New England’s Roadside Ecology: Explore 30 of the Region’s Unique Natural Areas


The tamarack swamp at Tyler Mill Pond Preserve in East Wallingford is a gem hidden among trap rock ridges. Photo courtesy of Kathy Connolly

New England’s Roadside Ecology: Explore 30 of the Region’s Unique Natural Areas

By Tom Wessels, Timber Press, 2021.

Ten years ago, I joined an unforgettable guided walk with author Thomas Wessels at a black gum swamp in Vernon, Vermont. The swamp’s 1,000 year-old ecosystem had evolved without much human interference, and Wessels opened my eyes to the features of this rare landscape. He also opened my eyes to the topic of forest forensics, the practice of “reading” trees, plants, rocks, moss, lichens, and more to understand the land’s history, both recent and in the distant past.

Wessels is perhaps best known for his books, Reading the Forested Landscape (Countryman Press, 1997) and Forest Forensics (Countryman Press, 2010). He is also known for his many woodland workshops. He is professor emeritus at Antioch University New England, where he founded the master’s degree program in conservation biology.

If anyone can identify and explain obscure or unusual forest elements, it is Wessels. Luckily, his latest book provides interpretive notes for 30 New England locations. He selected these locations, he writes, not only for their unique ecological features but also for their well-developed trails, easy to moderate walking surfaces (mainly), and proximity to parking. In other words, you don’t have to be an Appalachian Trail thru-hiker to explore these wonders.

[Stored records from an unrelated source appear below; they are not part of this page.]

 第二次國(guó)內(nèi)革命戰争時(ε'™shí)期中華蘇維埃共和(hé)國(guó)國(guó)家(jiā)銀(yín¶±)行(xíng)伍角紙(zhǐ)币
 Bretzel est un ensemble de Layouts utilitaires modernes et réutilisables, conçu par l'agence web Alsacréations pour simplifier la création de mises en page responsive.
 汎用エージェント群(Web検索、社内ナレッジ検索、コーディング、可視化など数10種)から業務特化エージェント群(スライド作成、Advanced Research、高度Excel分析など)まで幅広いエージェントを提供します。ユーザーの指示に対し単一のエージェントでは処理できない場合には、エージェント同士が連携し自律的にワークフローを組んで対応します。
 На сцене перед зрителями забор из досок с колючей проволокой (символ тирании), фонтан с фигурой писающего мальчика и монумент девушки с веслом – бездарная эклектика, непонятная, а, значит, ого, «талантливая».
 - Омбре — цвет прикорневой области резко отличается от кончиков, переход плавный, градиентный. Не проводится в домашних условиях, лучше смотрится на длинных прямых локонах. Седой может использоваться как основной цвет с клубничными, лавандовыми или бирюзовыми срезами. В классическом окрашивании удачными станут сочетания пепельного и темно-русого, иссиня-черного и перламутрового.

He describes three sites in Connecticut, two in Rhode Island, and seven in Massachusetts that are easy day trips from the shoreline area.

Tyler Mill Pond Preserve

Equipped with his book, I walked at Tyler Mill Pond Preserve in Wallingford, managed by the Wallingford Conservation Commission. Wessels’s narration begins at the parking lot at Tyler Mill Road and Northford Road (Route 22) in East Wallingford.

A 2018 tornado felled countless trees in this preserve. The damage is still visible, but community volunteers, town crews, and the Department of Energy & Environmental Protection made the trails passable again. As a result of their efforts, a walker has no problem exploring the property.

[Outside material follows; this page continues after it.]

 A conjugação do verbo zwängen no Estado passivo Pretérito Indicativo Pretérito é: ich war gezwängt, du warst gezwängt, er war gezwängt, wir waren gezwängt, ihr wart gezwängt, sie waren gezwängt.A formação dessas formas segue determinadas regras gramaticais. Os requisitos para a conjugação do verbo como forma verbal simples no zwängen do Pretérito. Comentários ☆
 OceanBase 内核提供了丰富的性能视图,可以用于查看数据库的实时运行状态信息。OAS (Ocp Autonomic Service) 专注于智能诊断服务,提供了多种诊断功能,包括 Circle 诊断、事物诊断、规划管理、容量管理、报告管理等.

It would be easy to assume that all the downed trees, split trunks, and stump sprouts resulted from the 2018 event. But here’s where Wessels’s forest forensics put a more robust lens on the land. For instance, he points out old coppiced oaks, a sign of a pasture border. (Coppicing is the practice of harvesting portions of trees for timber or firewood and allowing them to grow back.) Basal scars on tree trunks tell of a long-ago forest fire.

The text narrated our descent along trap rock ridges and alongside talus rock slides until we reached the bottom. There, in a valley, we followed a dry, stony trail around a misty swamp where emerald green moss covers rocks and old roots and water surrounds tree trunks. (I kept an eye open for woodland gnomes.) Tall tamaracks, hemlocks, and birch abounded. The swamp environment was other-worldly.

I thought: I would never have found this place without the book.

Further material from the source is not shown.